According to figures provided by the Philippines to the UNODC, crystal meth seizures have climbed in the past year and were on track to more than double in 2019.
However, the average retail price for meth, at $136 per gram, is below the $164 it cost when the war on drugs began in 2016, according to the figures. The cheaper prices, said the UNODC's Douglas, suggests that far more of the drug is reaching the streets than is being stopped.
A $50 million drug bust in November highlighted the oversupply, according to Caramat. More than 370 kilograms of crystal meth was allegedly found stacked in a wardrobe in a flat rented by suspected Chinese drug trafficker.
But, said Caramat, "it turned out that was just the leftovers". On the trafficker's phone were pictures of tonnes of meth stored elsewhere in the Philippines, he said.
REHAB WOES
Efforts to cut demand for drugs, including treatment and counseling for the country's estimated 1.3 million registered addicts, have also been hampered by lack of funding and poor organization, according to analysts and officials interviewed by Reuters.

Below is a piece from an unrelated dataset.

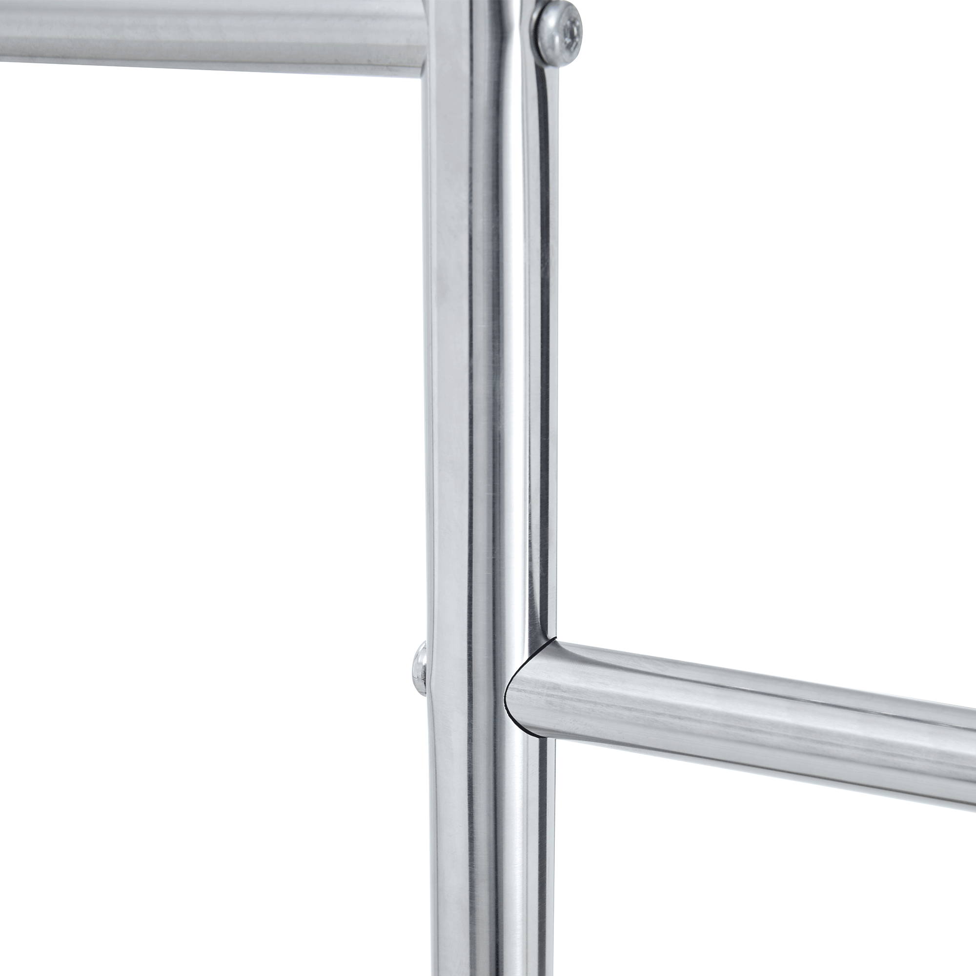 • Heavy-Duty 110lb Capacity,0.05'reinforced stainless steel frame + double solid wood shelves prevent warping. Non-slip feet protect floors.

The limitations of those efforts were highlighted by the small number of patients being treated at the Mega Drug Abuse Treatment and Rehabilitation Center, in Nueva Ecija, some 100 kilometers north of Manila during a recent visit by Reuters.
Residents rise early at 4.30 a.m., receive medication and counseling, receive medication and counseling, interspersed with prayer, meals and Zumba classes that last until 8.30 p.m.
But while it was built to house 10,000 addicts, the facility has seen just 2,085 severe drug addicts complete the program over three-and-a-half years, according to a PowerPoint presentation from the center reviewed by Reuters.
Government figures show that in-patient treatment at rehabilitation centers nationwide dropped from 5,648 in 2016 to 5,477 in 2018.
With minimal funding allocated to rehabilitation, most addicts have been unable to access even community-based, out-patient programs, officials and health workers say. Those that get access usually just listen to a lecture or watch a video.
"We were caught with our pants down when the war on drugs started," said Benjamin Reyes, chairman of the drug reduction committee of the Philippines Dangerous Drugs Board, a government agency. Reyes added that rehabilitation was now a priority for the government and that funding was set to rise this year.
SHIFT IN STRATEGY?
Government figures show that 500 people were killed in the drug war last year, which compares with 3,000 killed in the first year of the campaign.
But rights activists are skeptical that a major shift in the anti-drug strategy is in the works.
"It looks like the numbers are falling but data from government can't be trusted because they've been manipulating or massaging the figures," said Carlos Conde, Philippines researcher with Human Rights Watch. Reuters couldn't independently confirm this.
As recently as November, Duterte spoke of killing "drug personalities" and throwing their bodies into Manila Bay.
In December, the Philippines' new police chief, Lieutenant General Archie Gamboa, Caramat's superior, was quoted in the Philippine Star newspaper saying that police had been too tolerant combating drug offenders and urged officers to "neutralize" them if they felt under threat. Gamboa did not respond to a request for comment.